● GOAL OF THE EXERCISE
When you transcribe the listing, keep each line exact and drop the pictures.

● DATASET CONTENT
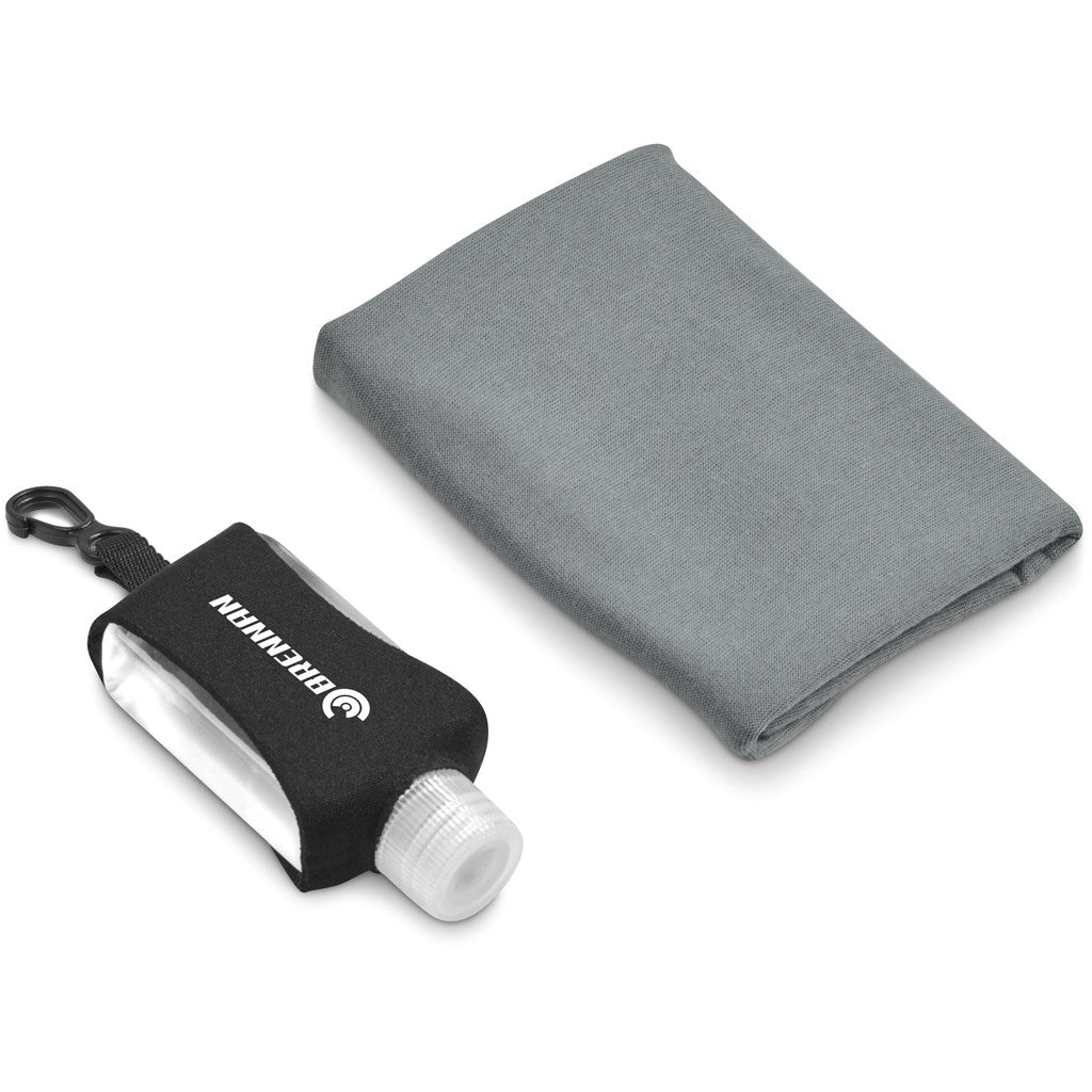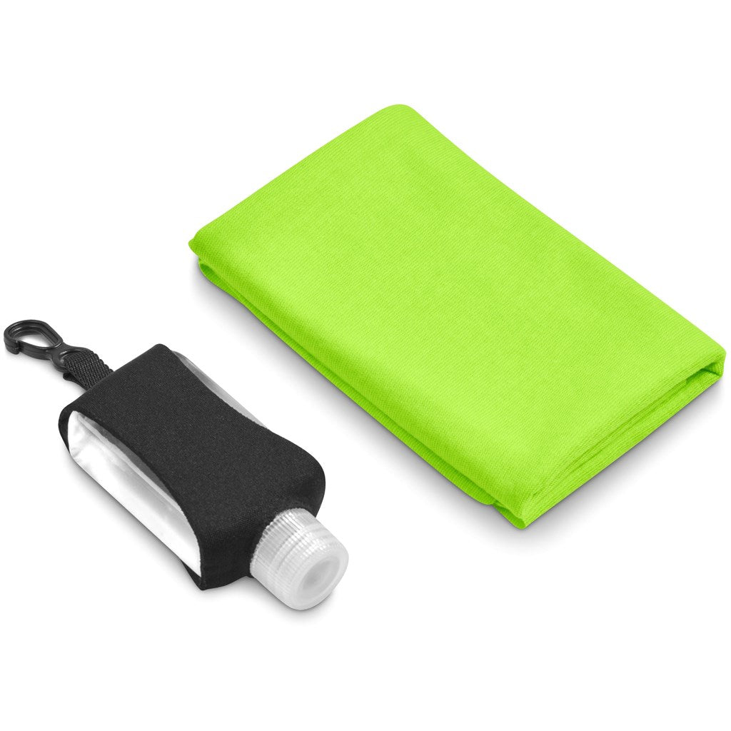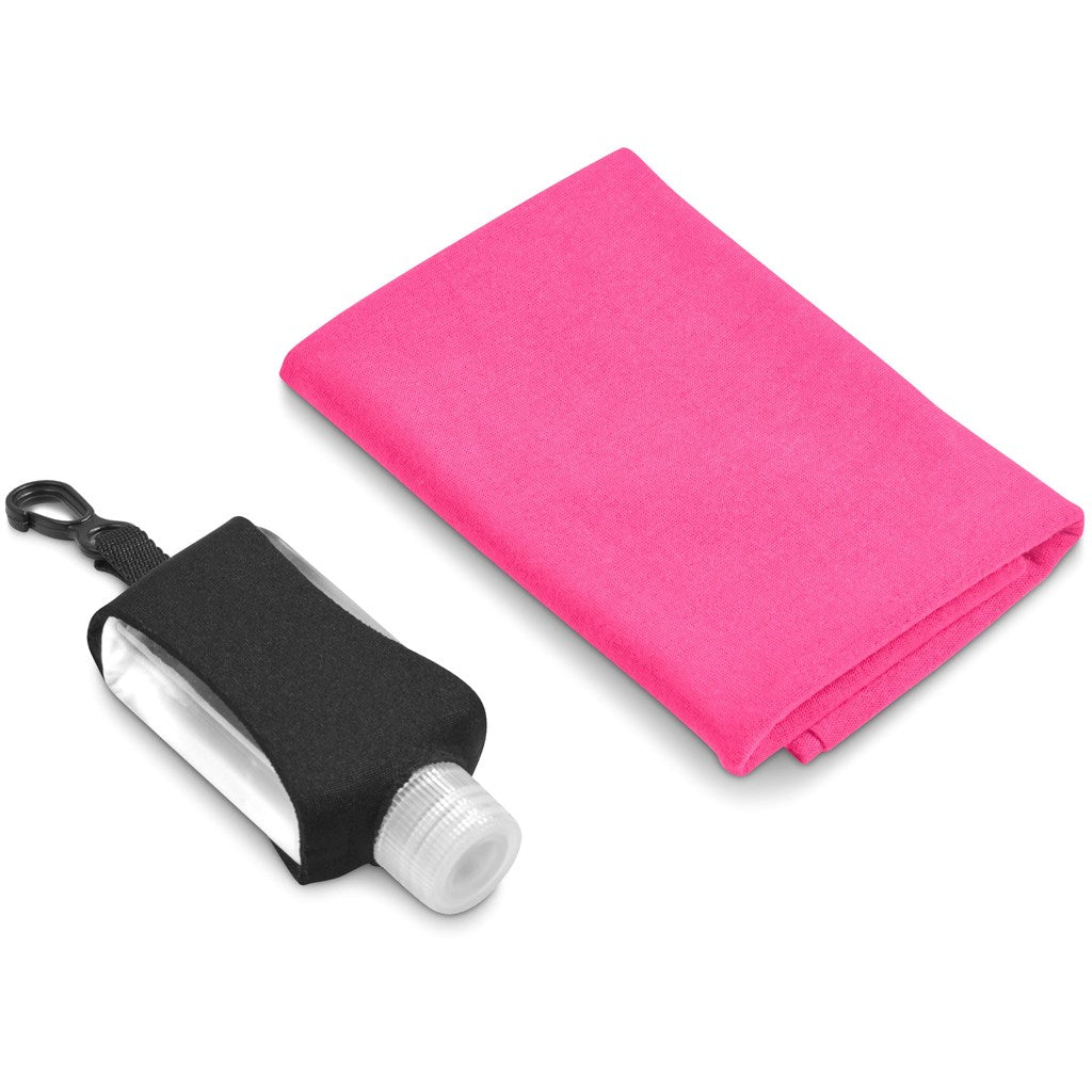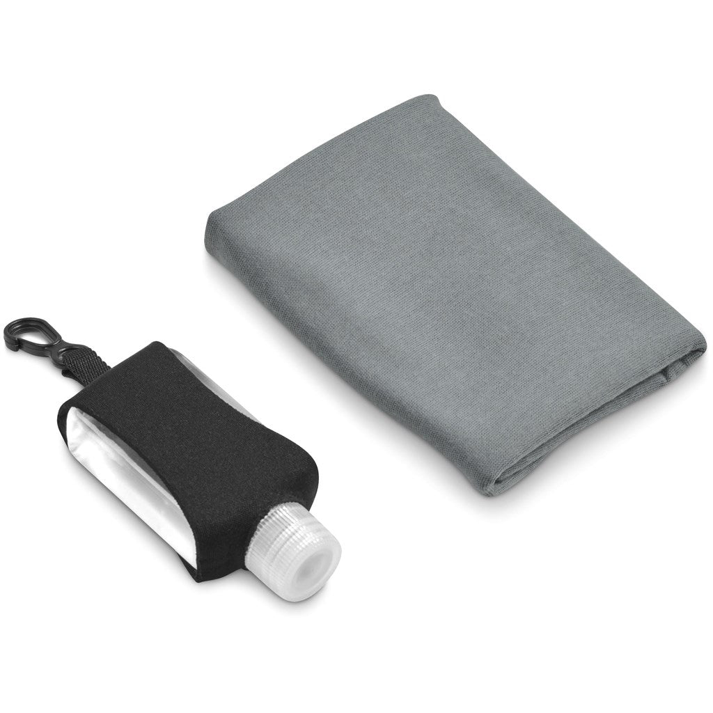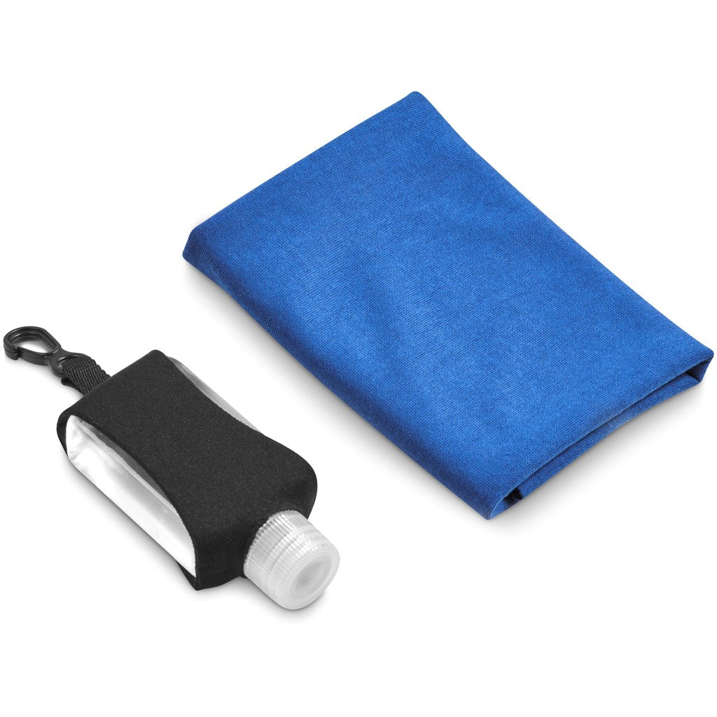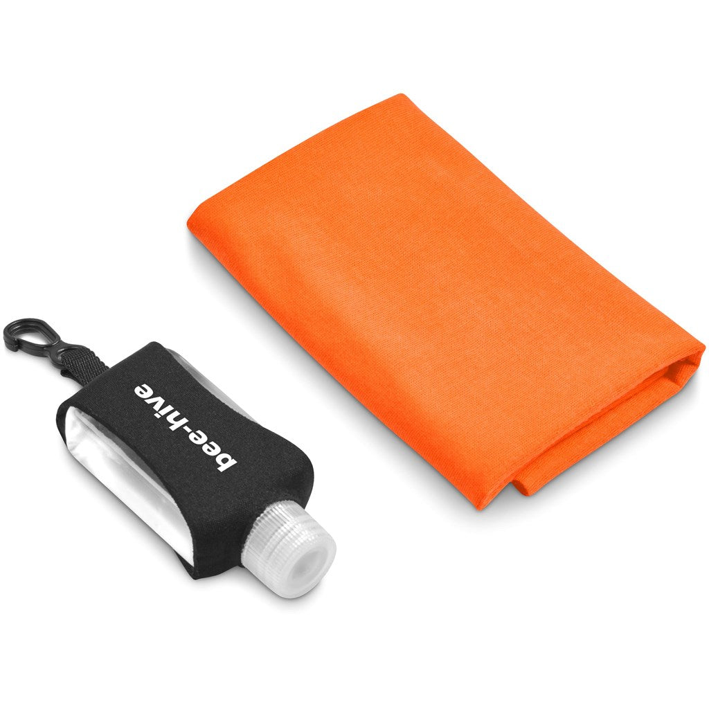 The multi-purpose pack. Consists of a tubular bandana to be used in replacement of a mask and a 50ml bottle of hand sanitiser in a lanyard pouch with a carabiner, this item can be clipped on to your lanyard at events, on to your belt loop or school bag, so you always have hand sanitiser on the go, all packaged together in a pouch to get your brand logo on the move. The 50ml hand sanitiser has Tea Tree Oil which colours the liquid with a slightly yellow hue.
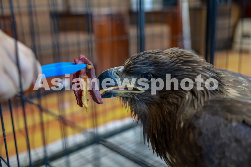 图片说明:2024年12月19日,甘肃省酒泉市金塔县森林资源工作站工作人员正为草原雕喂食观察。
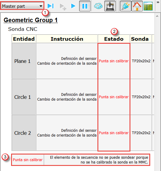 describe el error. El error de Punta sin calibrar indica que se puede utilizar la sonda, pero hay que calibrarla antes con la pestaña de Máquina.
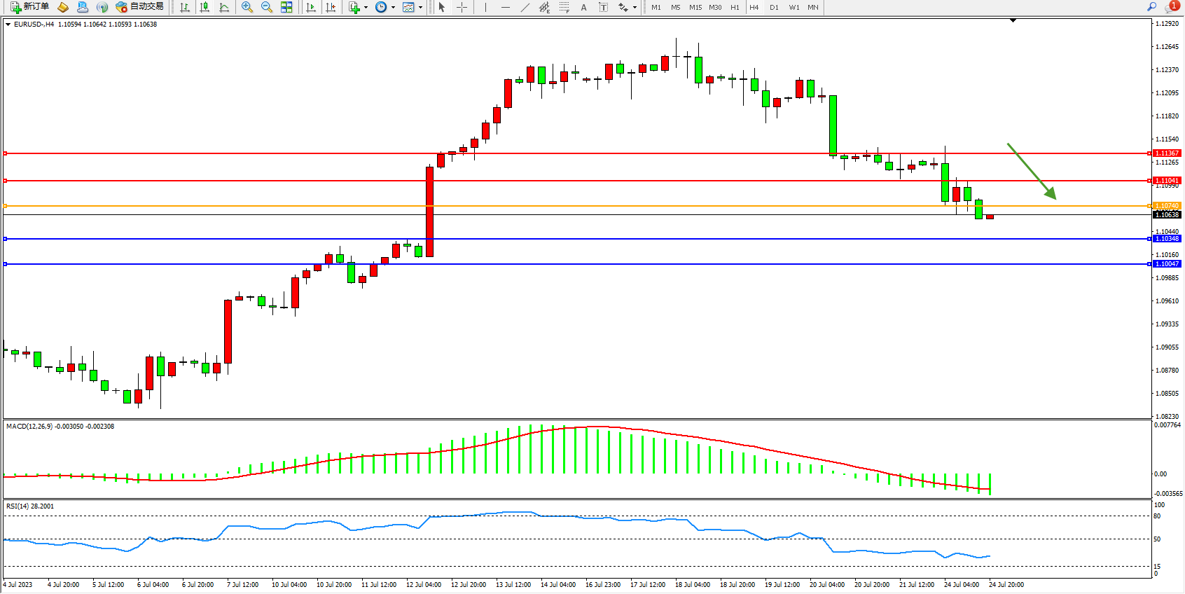 欧元兑美元维持1.10638附近震荡,在外界普遍预期的本周加息25个基点之后,不排除欧洲央行在9月再次加息的可能性,但无论如何,欧洲央行都不希望9月被视为货币政策周期的转折点。

● SOLUTION TO THE PROBLEM
 The multi-purpose pack. Consists of a tubular bandana to be used in replacement of a mask and a 50ml bottle of hand sanitiser in a lanyard pouch with a carabiner, this item can be clipped on to your lanyard at events, on to your belt loop or school bag, so you always have hand sanitiser on the go, all packaged together in a pouch to get your brand logo on the move. The 50ml hand sanitiser has Tea Tree Oil which colours the liquid with a slightly yellow hue.
 图片说明:2024年12月19日,甘肃省酒泉市金塔县森林资源工作站工作人员正为草原雕喂食观察。
 describe el error. El error de Punta sin calibrar indica que se puede utilizar la sonda, pero hay que calibrarla antes con la pestaña de Máquina.
 欧元兑美元维持1.10638附近震荡,在外界普遍预期的本周加息25个基点之后,不排除欧洲央行在9月再次加息的可能性,但无论如何,欧洲央行都不希望9月被视为货币政策周期的转折点。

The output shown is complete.